Task goal: Nothing but the lines from the top of the records through the line with "木がお好きなご夫妻が2階リビ" should be returned, exactly, and without pictures.

Given data:

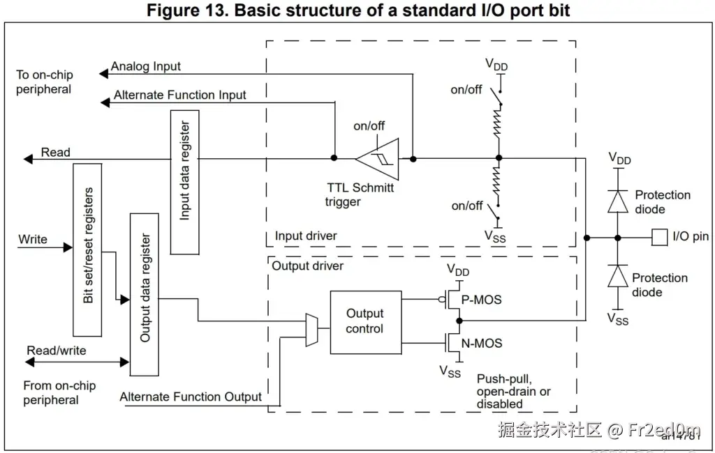 其中如下电路为保护电路,当大于 VDD-3.3~5v,保护二极管导通,电压被电源吸收,而当电压小于 vss-0v 时,由 GND 吸收,以此来达到保护芯片目的
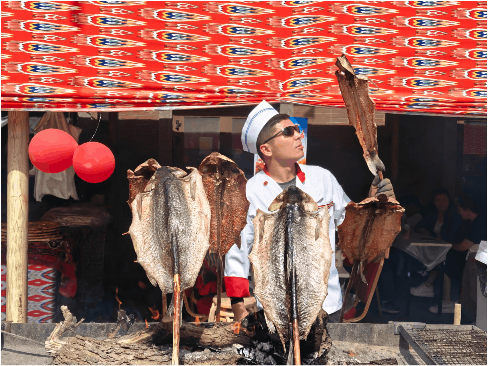 以“烤”為筆、以“味”為墨,2025新疆·尉犁第十二屆羅布人民俗燒烤季繪就一幅熱鬧非凡、充滿地方特色的鮮活畫卷,吸引全疆乃至全國(guó)游客共赴一場(chǎng)美味之約。百余個(gè)燒烤攤位沿青石板路在達(dá)西馕街有序排開,胡楊木炭在烤爐中明明滅滅,將印著艾德萊斯紋樣的遮陽(yáng)棚映成流動(dòng)的彩緞。本屆燒烤季活動(dòng)整合全縣8個(gè)鄉(xiāng)鎮(zhèn)的特色美食與文旅資源,帶動(dòng)200余戶農(nóng)牧民增收,讓烤肉、烤鴿子、烤魚等“鄉(xiāng)味”變身“網(wǎng)紅”,推動(dòng)“舌尖經(jīng)濟(jì)”向“品牌經(jīng)濟(jì)”不斷升級(jí)。
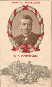 Министр народного образования Мануйлов отменил как меру наказания исключение учащихся гимназий и реальных училищ без права поступления в какие-либо учебные заведения.
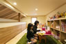 木がお好きなご夫妻が2階リビングに選んだ床材はイロコというアフリカ原産種で、深いオレンジ味のある色へ経年変化していきます。
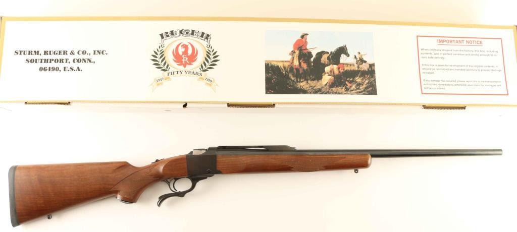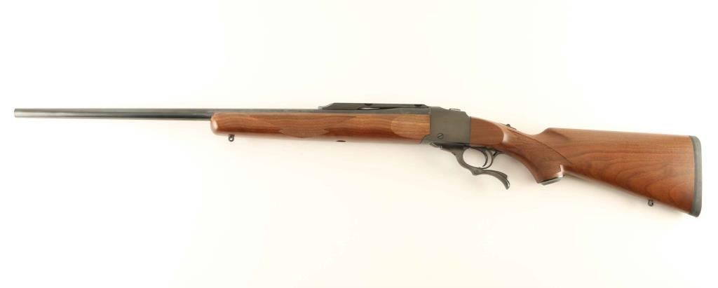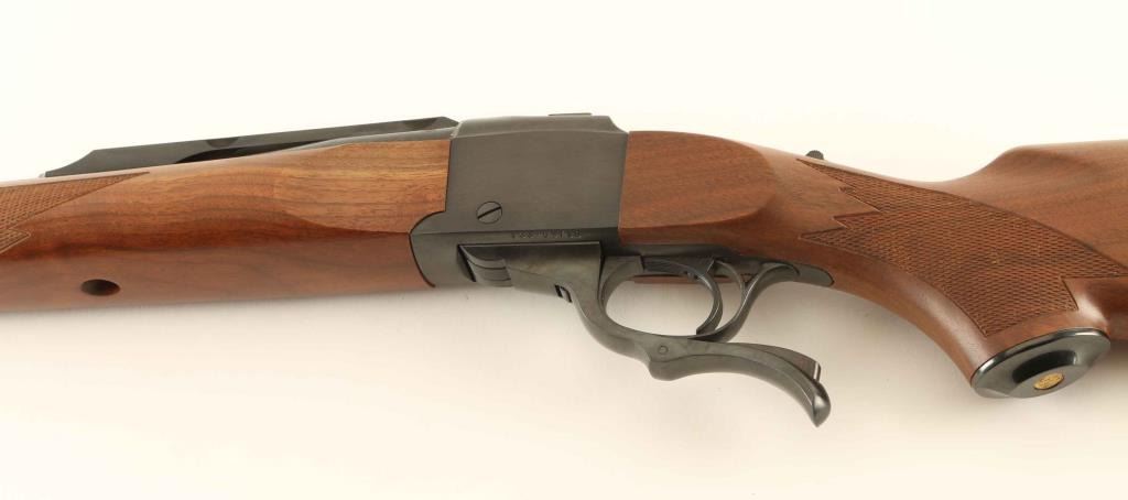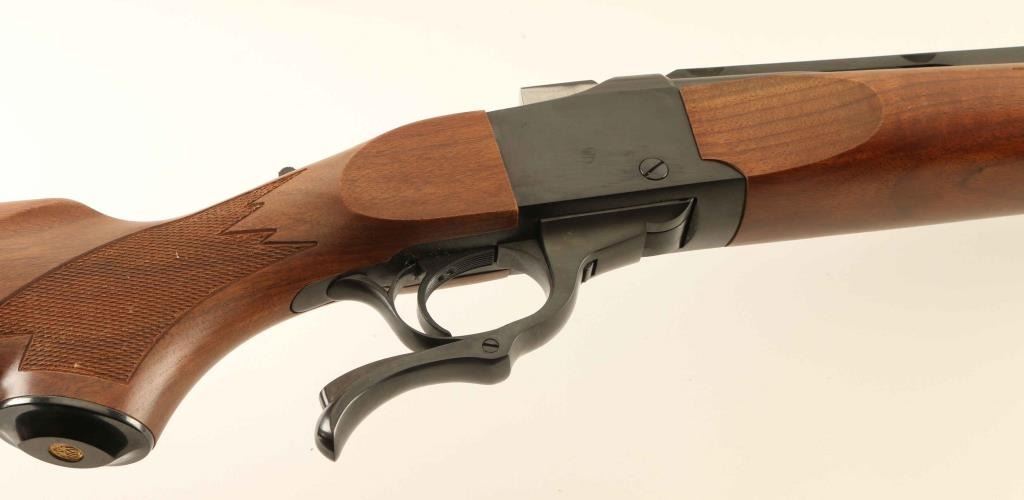 American made single-shot falling block sporting rifle manufactured circa 2000. Features a blued finish, 26" barrel without provisions for sights, factory installed scope base, serrated trigger, sliding tang safety, swivel studs, checkered American Walnut semi-beavertail forend, and pistol grip shoulder stock with metal grip cap & factory recoil pad. Includes the original factory cardboard box with documents, lock, scope rings and sling swivels. Rifle exhibits nearly all of it's original finish showing dried grease with no observed wear. Action is smooth, the bore is excellent and the wood stocks are extra fine. Condition is like NRA Perfect in box. ***Modern Firearm***
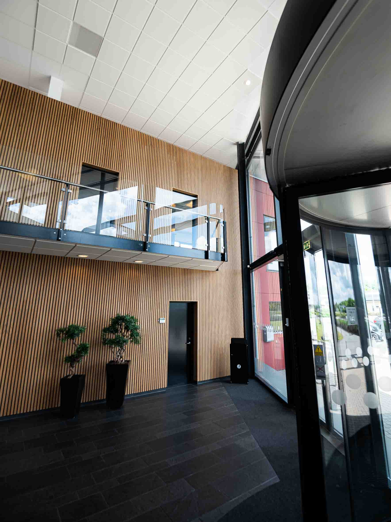 Das KulturCenter Skive wollte die Akustik verbessern und zudem dem gesamten Kulturzentrum ein grüneres Profil und ein einheitlicheres Design verleihen. Deshalb wurden an mehreren Stellen in den vielen Gemeinschaftsbereichen des Zentrums Akustikpaneele von I-Wood montiert.
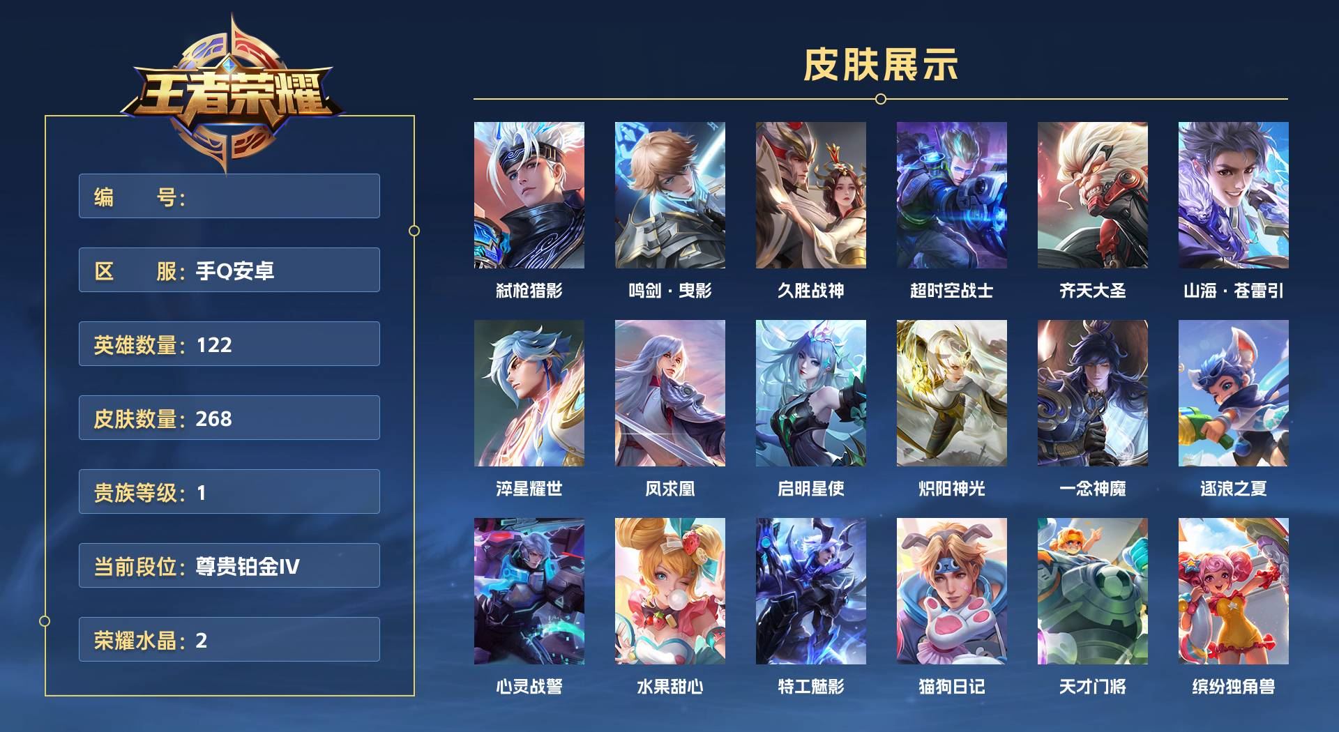 【游戏多多】 【可二次实名】手Q安卓 122英雄 268皮肤 贵族等级1 已兑换荣耀水晶数2 弑枪猎影 鸣剑·曳影 久胜战神 超时空战士 齐天大圣 山海·苍雷引 淬星耀世 凤求凰 启明星使 炽阳神光 一念神魔 逐浪之夏 心灵战警 水果甜心 特工魅影 猫狗日记 天才门将 缤纷独角兽 冰冠公主 玩趣恶龙 千年之狐 紫霞仙子 星夜王子 江河有灵 冰雪圆舞曲 圣诞狂欢 末日机甲 暗隐猎兽者 赏金猎手 苍穹之光 暗渊魔法 白龙吟 幽灵船长 龙骑士 修罗 未来纪元 无心 晚萤 女仆咖啡 鬼剑武藏 魅语 金属风暴 德古拉伯爵 地狱岩魂 偶像歌手 摇滚巨星 圣诞恋歌 霸王丸 飞衡 阴阳师 魔术师 白昼王子 暖冬·兔眠 云间偶戏 蓝屏警告 华丽摇滚 单词大作战 胡桃异想国 火炮千金 暗影游猎 华尔街大亨 银河之约 水晶猎龙者 游园惊梦 遇见飞天 神迹守卫 圣弓游侠 乓乓大师 海滩派对 梁祝 赤莲之焰 迷踪丽影 潮玩骑士王 纤云弄巧 李小龙 皇家上将 繁星吟游 真爱魔法 狮舞东方 驯魔猎人 猎兽之王 朔望之晖 神迹守卫 火炮绅士 西部大镖客 时之祈愿 黎明之约 航海奇遇记 夺宝奇兵 高山流水 沉稳之力 星际陆战队 死亡摇滚 星界游侠 幻夜卜梦 星空之诺 狂想玩偶喵 玲珑珍味 驭风魔法 死亡骑士 白色死神 爱心护理 忍·炎影 潮玩探月行 化身博士 牛运亨通 幽兰居士 紫罗兰之誓 丁香结 大发明家 守护之力 海滩丽影 如懿 白执事 女武神 黑桃队长 红桃皇后 瓷语鉴心 破局者 妄想特派 零食大作战 无双福将 坚韧之力 阿尔法小队 无尽征程 教廷特使 特工战影 敏锐之力 兔女郎 缤纷绘卷 掌控之力 纽约教父 爱与正义 秘密基地 未来纪元 虹云星官 次元傲视 功夫老勺 次元突破 西部大镖客 炽热元素使 玩偶对对碰 嘻哈天王 黄金武士 万象初新 圆桌骑士 哥特玫瑰 少女阿狸 乐园追猎者 拳王 街头霸王 归虚梦演 胡桃夹子 野性能量 幻乐之宴 科学大爆炸 龙腾万里 万事如意 鲨炮海盗猫 汉昭烈帝 制霸全明星 唤灵魔甲 花好人间 五福同心 天穹祈灯 沙漠行僧 古海寻踪 御狮 朔风刀 探海日志 无畏之灵·狰 混沌棋 万华元夜 顽趣 疑决卦 原初追逐者 驱傩正仪 谧流熔炉 金庭之子 醍醐杖 御銮 御霄 重明 御旌 云中旅人 凯尔特女王 原初探秘者 穷奇 千军破阵 海盐诗旅 烛龙 擒涛扼浪 大漠名商 演武夺筹
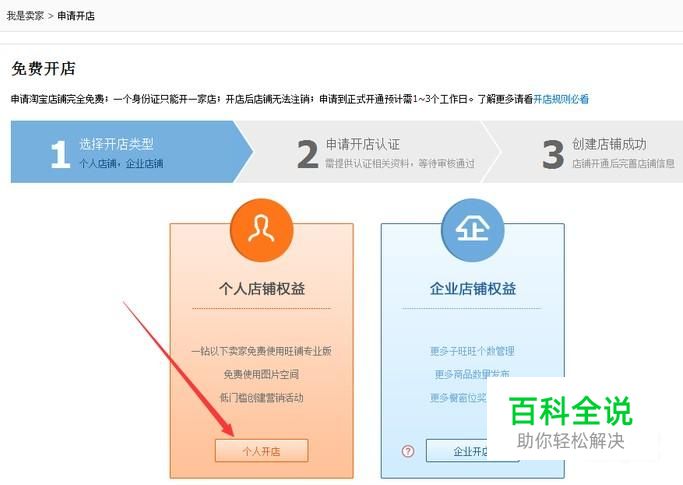 登录已有的淘宝账号后,就会进入到免费开店的页面,选择个人开店
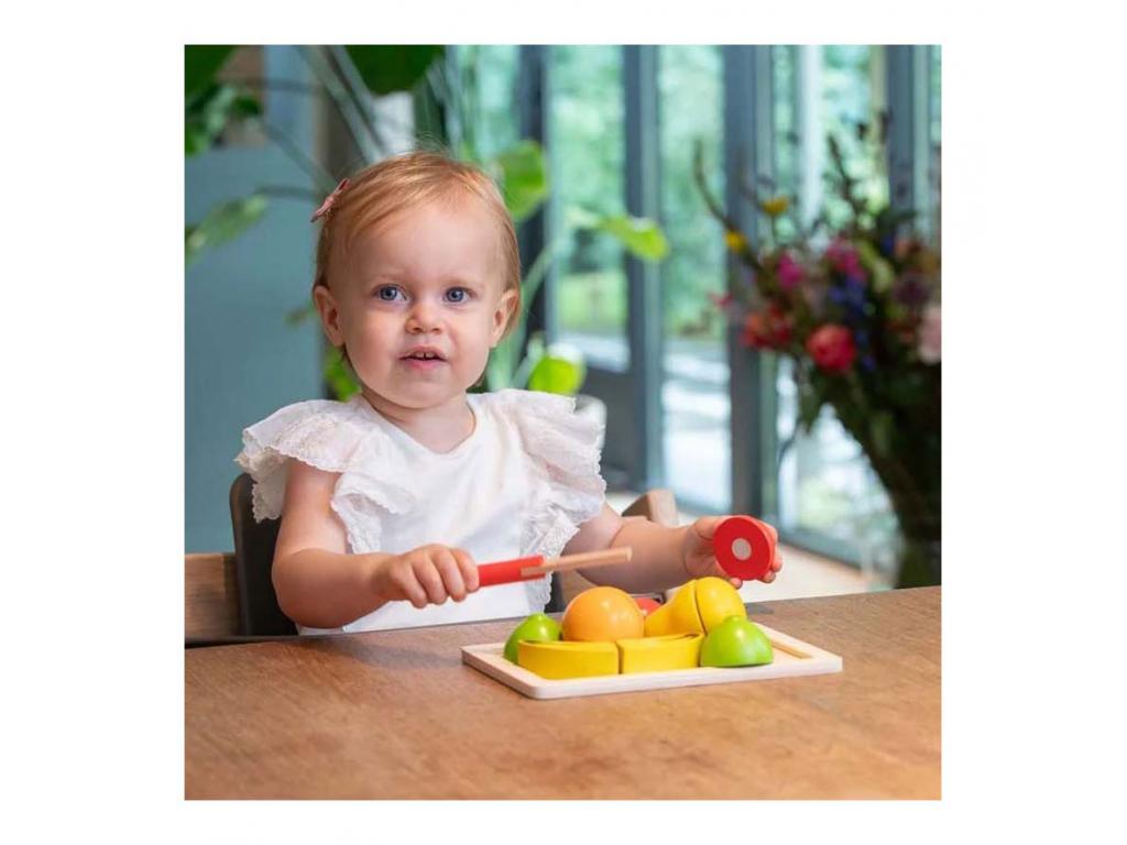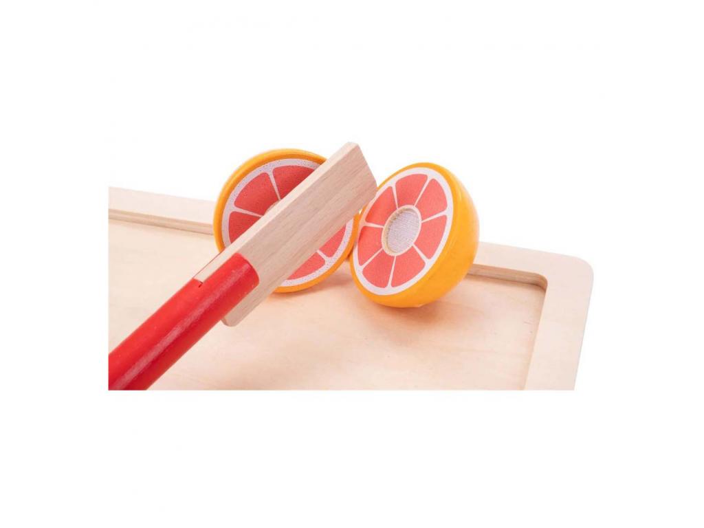 Legyen igazi szakács ezzel a fa vágókészlettel! A készlet tartalmaz egy vágódeszkát, egy kést, egy almát, egy körtét, egy banánt, egy lime-ot és egy grapefruitot. A gyümölcsök tépőzárasak, így szét lehet vágni és újra össze lehet állítani őket.
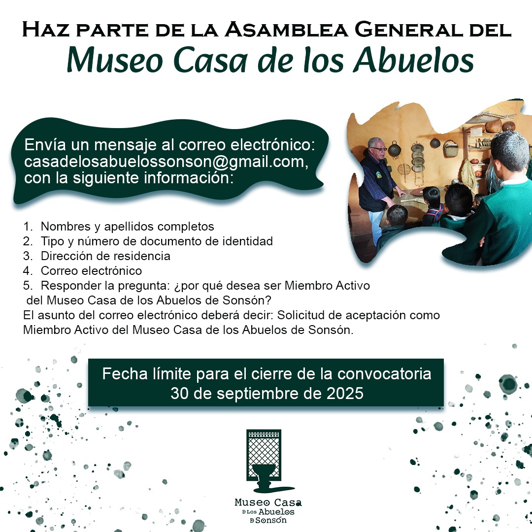 El Museo Casa de los Abuelos de Sonsón abrió la convocatoria para que ciudadanos interesados hagan parte de su Asamblea General como Miembros Activos. La invitación está dirigida a todas las personas que deseen vincularse con el museo y contribuir a la preservación de la memoria y el patrimonio cultural del municipio.
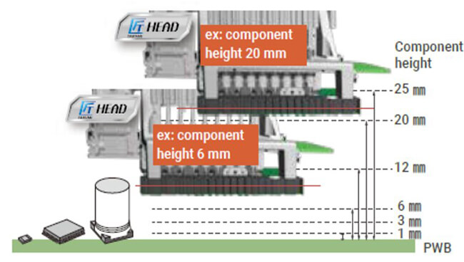 By positioning the laser sensor closer to the board and reducing travel time from pick-up to placement, the one-head mounter achieves an optimal speed of 50,000 CPH in its ideal conditions.
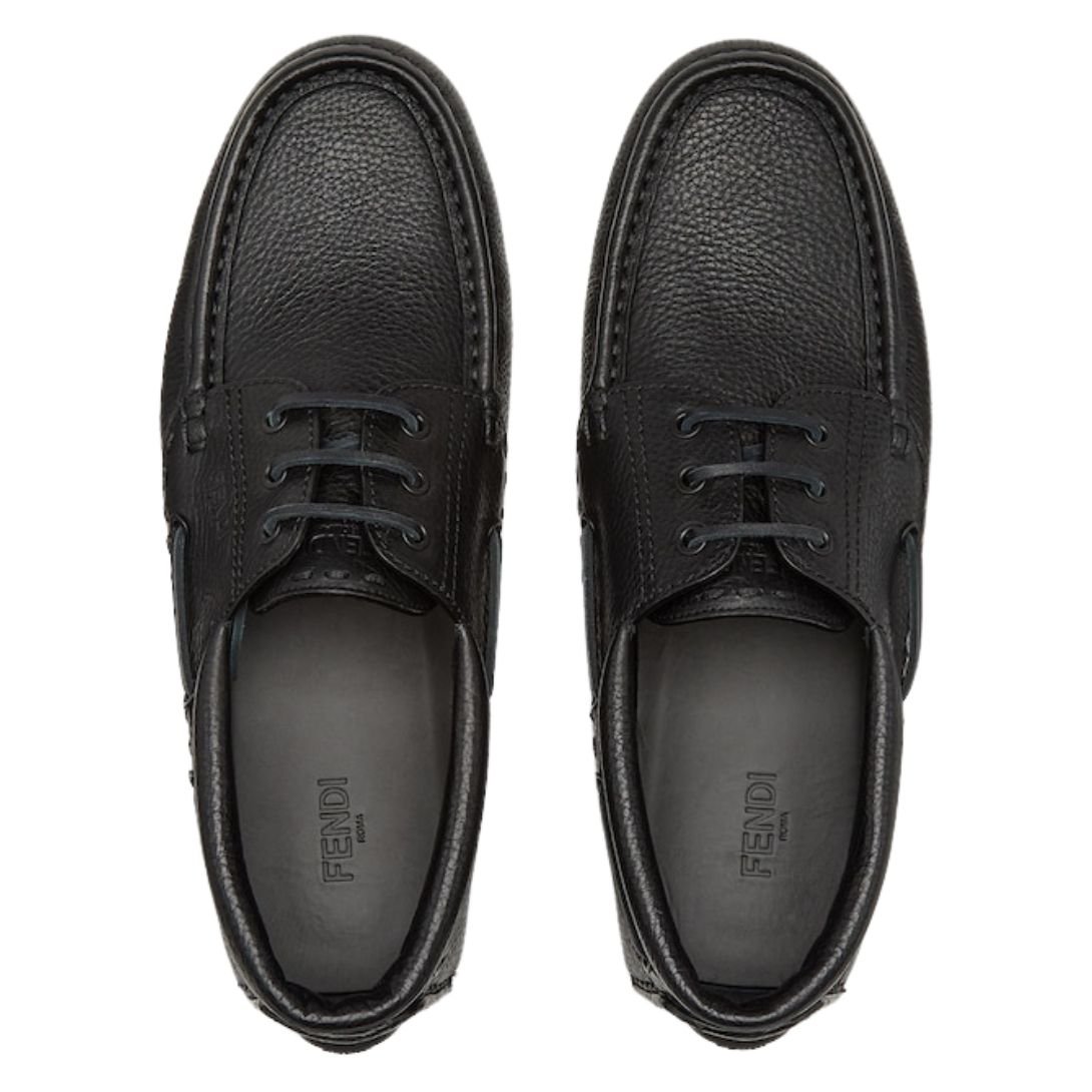 The black injection platform sole is accented with FF detailing and Fendi lettering, providing a contemporary edge to the classic boat shoe silhouette. These distinctive elements showcase Fendi’s signature luxury, elevating the overall design.
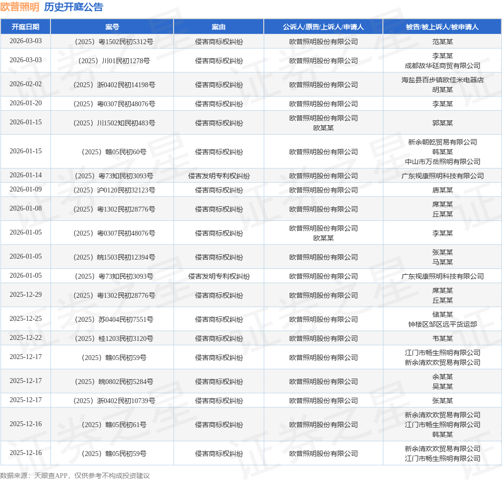 案号:(2025)沪0112民初45763号根据统计,近一年内以欧普照明股份有限公司为当事人的历史开庭公告有549则,其中案由为“侵害商标权纠纷”的公告以464则居首,其次为“侵害商标权”有24则,“商标权权属、侵权纠纷”有16则。历史开庭公告(前20条)如下:

Solution to this problem:
 其中如下电路为保护电路,当大于 VDD-3.3~5v,保护二极管导通,电压被电源吸收,而当电压小于 vss-0v 时,由 GND 吸收,以此来达到保护芯片目的
 以“烤”為筆、以“味”為墨,2025新疆·尉犁第十二屆羅布人民俗燒烤季繪就一幅熱鬧非凡、充滿地方特色的鮮活畫卷,吸引全疆乃至全國(guó)游客共赴一場(chǎng)美味之約。百余個(gè)燒烤攤位沿青石板路在達(dá)西馕街有序排開,胡楊木炭在烤爐中明明滅滅,將印著艾德萊斯紋樣的遮陽(yáng)棚映成流動(dòng)的彩緞。本屆燒烤季活動(dòng)整合全縣8個(gè)鄉(xiāng)鎮(zhèn)的特色美食與文旅資源,帶動(dòng)200余戶農(nóng)牧民增收,讓烤肉、烤鴿子、烤魚等“鄉(xiāng)味”變身“網(wǎng)紅”,推動(dòng)“舌尖經(jīng)濟(jì)”向“品牌經(jīng)濟(jì)”不斷升級(jí)。
 Министр народного образования Мануйлов отменил как меру наказания исключение учащихся гимназий и реальных училищ без права поступления в какие-либо учебные заведения.
 木がお好きなご夫妻が2階リビングに選んだ床材はイロコというアフリカ原産種で、深いオレンジ味のある色へ経年変化していきます。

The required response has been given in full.